Opinión | Nos queda la palabra

Harakiri

Tengo un familiar que pareciera murciano. Le gusta más la fiesta que a Feijóo anhelar Galicia. En las fiestas patronales, es el primero en llegar a las talanqueras para contemplar el encierro. 

Y, después, el que abre la peña para torearse un desayuno de no te menees, a base de torreznos, chorizo y limonada

Se enciende el primer Faria antes de la comida y no perdona la partida de después, aunque esos días la hace completa: café, copa y puro. 

Comprado el abono, le gusta pisar la plaza y moverse entre los burladeros.
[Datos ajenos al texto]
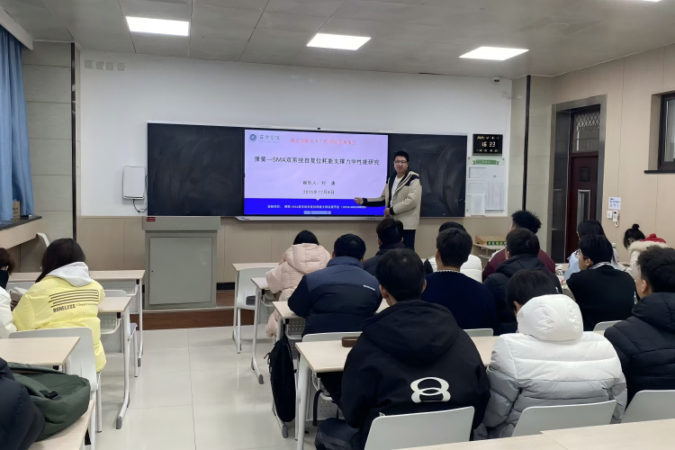 刘通老师的分享聚焦“弹簧-SMA双系统自复位耗能支撑力学性能研究”,引发了在场师生的广泛兴趣。他详细阐述了形状记忆合金(SMA)材料的超弹性特性及其与弹簧系统的协同工作机理,通过循环加载试验数据,验证了该双系统支撑在地震作用下的优异自复位能力和耗能性能。明确了这种新型支撑体系能够有效减少结构残余变形的结论,为抗震结构设计提供了新思路。刘通老师结合具体试验曲线,对自复位支撑的参数优化和应用设计方案进行了深入解读。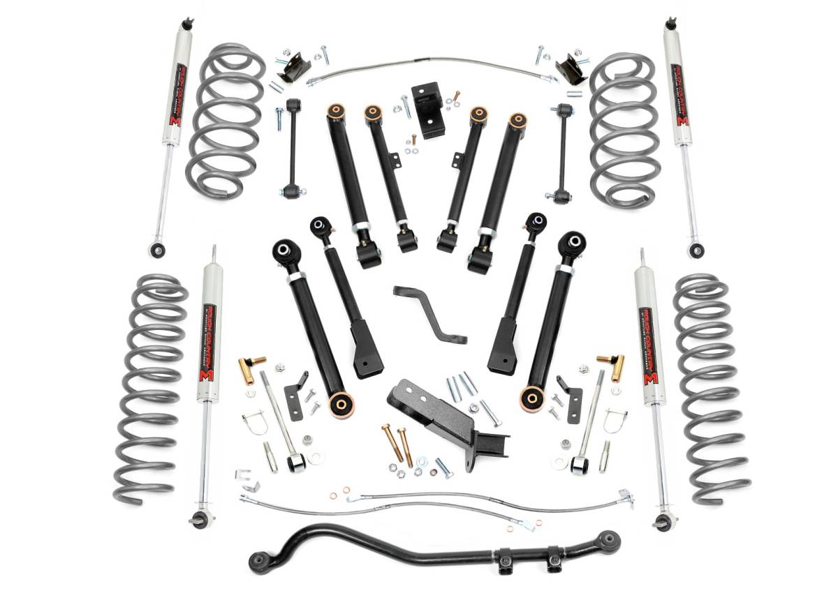 It's fully adjustable on the vehicle and easy to install. Custom Shock Options for Any Terrain: Choose your ideal ride with Rough Country's premium shock upgrades. The included nitrogen-charged N3 shocks offer 10-stage variable valving and a 54mm shock body for faster cooling and up to 36kN tensile strength. For those craving next-level performance, optional V2 performance shocks or M1 monotube shocks are available to match your driving style. Confident, Balanced Stance: This lift kit levels the front of your Jeep with the rear, delivering a commanding, well-balanced look that performs as good as it looks. Peace of Mind Guaranteed: Backed by Rough Country's Limited Lifetime Replacement Warranty, you can hit the trails with confidence knowing your investment is protected. Total Transformation, On and Off the Trail: Give your Jeep TJ the ultimate upgrade with Rough Country's 4in X-Series Suspension Lift Kit. This all-inclusive package delivers everything you need for aggressive styling, increased ground clearance, and enhanced off-road capability. Precision Adjustable Control Arms: This kit includes front and rear upper and lower X-Flex Control Arms featuring a high-clearance design. Built with OEM-style rubber bushings, fully rebuildable flex joints, and massive 2.5" diameter bodies with 1.25" threads, these control arms are fully greaseable for long-lasting durability and superior articulation. Fine-tune your ride height and suspension geometry with ease. Optimized Suspension Geometry: Lifted coil springs provide the perfect combination of ride height and vibration dampening, delivering optimal suspension performance across any terrain. This kit also includes durable stainless steel brake lines for improved reliability and safety. Heavy-Duty Forged Adjustable Track Bar: When it comes to strength and stability, the forged solid steel Adjustable Front Track Bar delivers. Weighing a robust 16 pounds, this track bar outmatches stock components, ensuring precise axle alignment and control even during extreme off-road flexing.

Y a la salida, otra cerveza antes de la cena y de vivir una larga noche de baile, barra y conversación ligera.

Más si tiene la mala suerte de que no salga su alcalde, que el que manda no sea de su partido, el pobre coge la maleta en vísperas y no regresa hasta ver el último cohete en la noche de Castilla, pues se retira junto a su hermana al pueblo más cercano, desde donde casi se oye el petardazo, para, según exclama, joder al elegido.

No sabe lo que le comprendo. Mis hijos se quedaron sin tablet en el colegio porque procedían del maldito Zapatero. Como el Gobierno de Madrid era de otro signo político al consustancial de la Región de Murcia, los ví luego en la casa de unos amigos de Vera, donde veraneo.

Y qué decir de las ayudas a las energías renovables o al vehículo eléctrico, una joya para otras comunidades que se arriman, las malditas, al sol que más calienta.

Lo último es lo de la vivienda, un reto que compartimos también con el resto de España en el acceso y el alquiler. 

Pues bien, con cuatro cañicas y palicos preferimos construirnos nuestras precarias soluciones o chozas, tabicada en una legislación de imitación, a que nuestro orgullo se tambalee. Ladrillazo a Sánchez.

Aquí el único objetivo es fastidiar al Gobierno central. 

Lo malo es que la patada es en nuestro culo.